■ What to do
Write out word for word each line of the records, beginning at the first and stopping after the line with "Lavalla n.30 säkkiä". Leave the pictures out.

■ Material for this task
=== Section Start ===
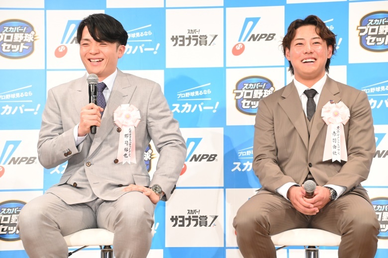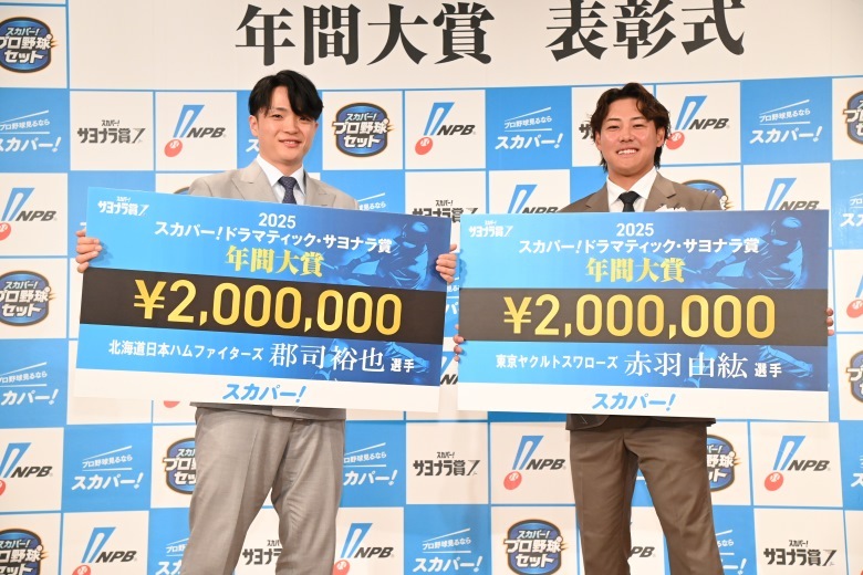 12月4日、「2025 スカパー!ドラマティック・サヨナラ賞 年間大賞」の表彰式が開催された。式典には、セ・リーグ受賞者の東京ヤクルトスワローズ・赤羽由紘選手、パ・リーグ受賞者の北海道日本ハムファイターズ・郡司裕也選手が登壇。表彰式後には、ゲストに中田翔氏、さらにスカパー!プロ野球アンバサダーのバッテリィズを迎え、トークショーも行われた。
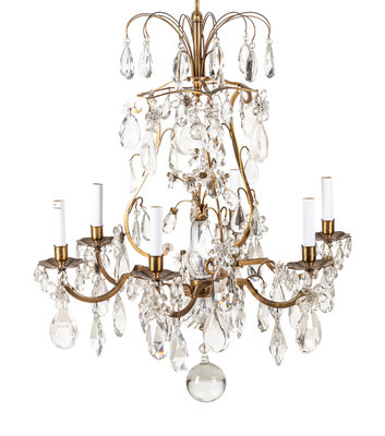 A French Gilt Bronze and Rock Crystal Six-Light Chandelier
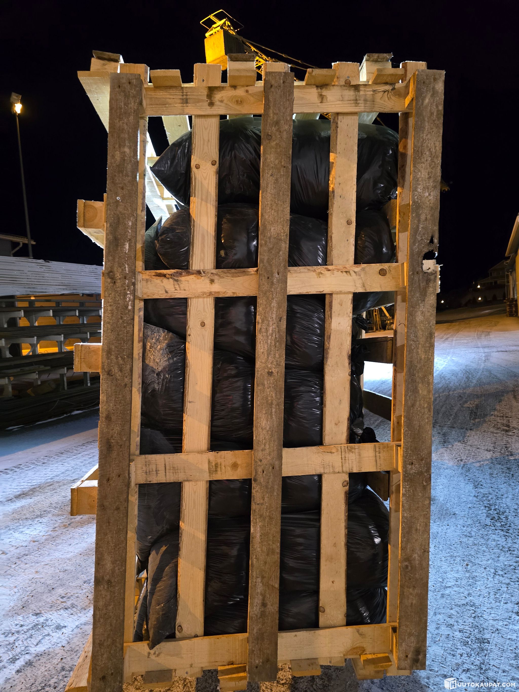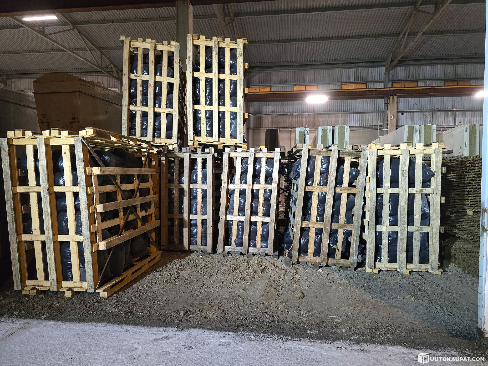 Lavalla n.30 säkkiä Parocin elementtikivivillasta rouhittua villaa.
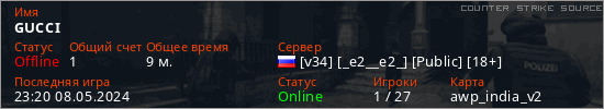 Играет на Counter Strike Source сервере. Страна: РоссияПервый раз замечен 08:53 26.03.2024
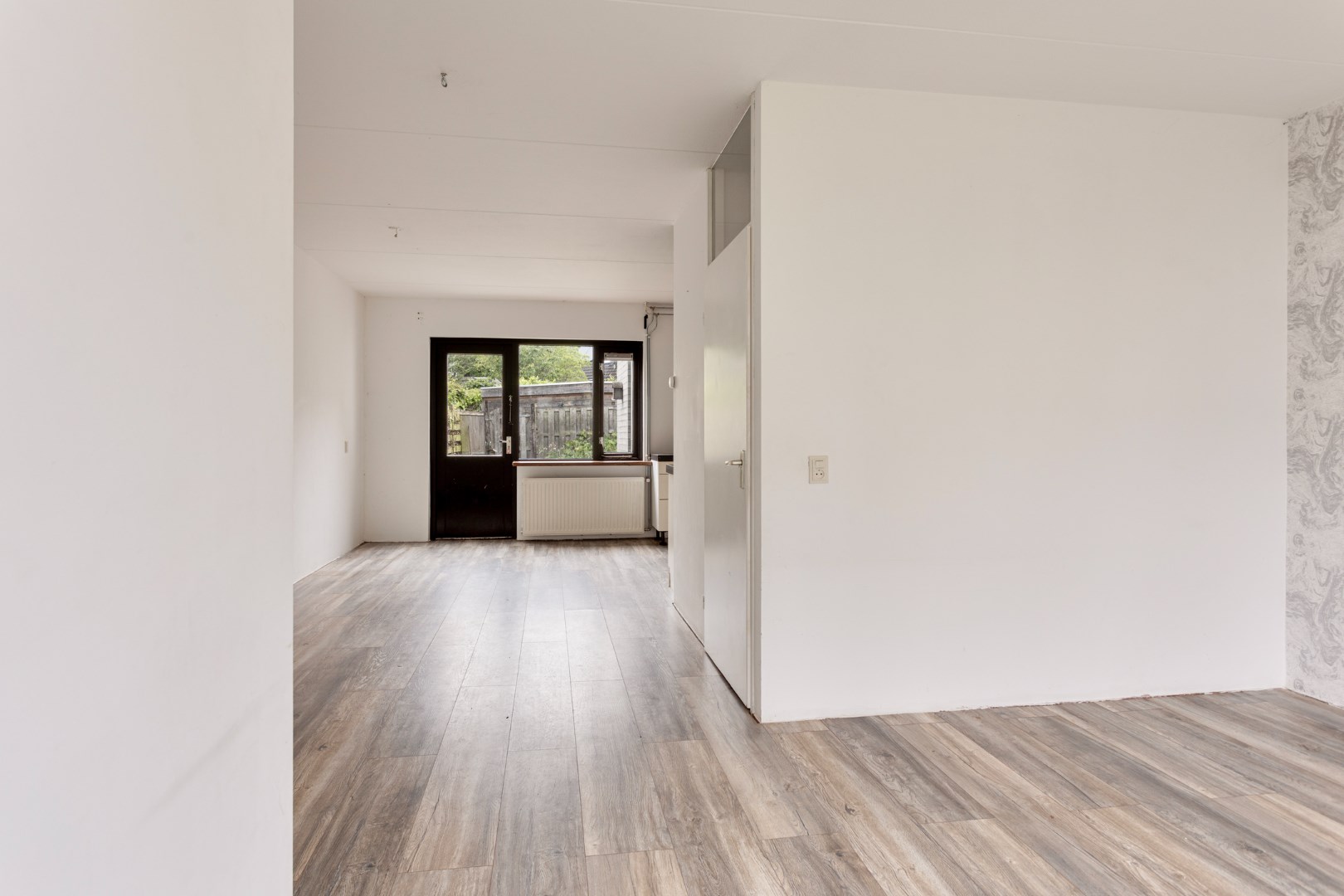Entree, gang, meterkast, L-vormige woonkamer met toegang tot de achtertuin, open keuken, berging, hal met toilet en trap naar de 1e verdieping
=== Section End ===
■ Answer section
 12月4日、「2025 スカパー!ドラマティック・サヨナラ賞 年間大賞」の表彰式が開催された。式典には、セ・リーグ受賞者の東京ヤクルトスワローズ・赤羽由紘選手、パ・リーグ受賞者の北海道日本ハムファイターズ・郡司裕也選手が登壇。表彰式後には、ゲストに中田翔氏、さらにスカパー!プロ野球アンバサダーのバッテリィズを迎え、トークショーも行われた。
 A French Gilt Bronze and Rock Crystal Six-Light Chandelier
 Lavalla n.30 säkkiä Parocin elementtikivivillasta rouhittua villaa.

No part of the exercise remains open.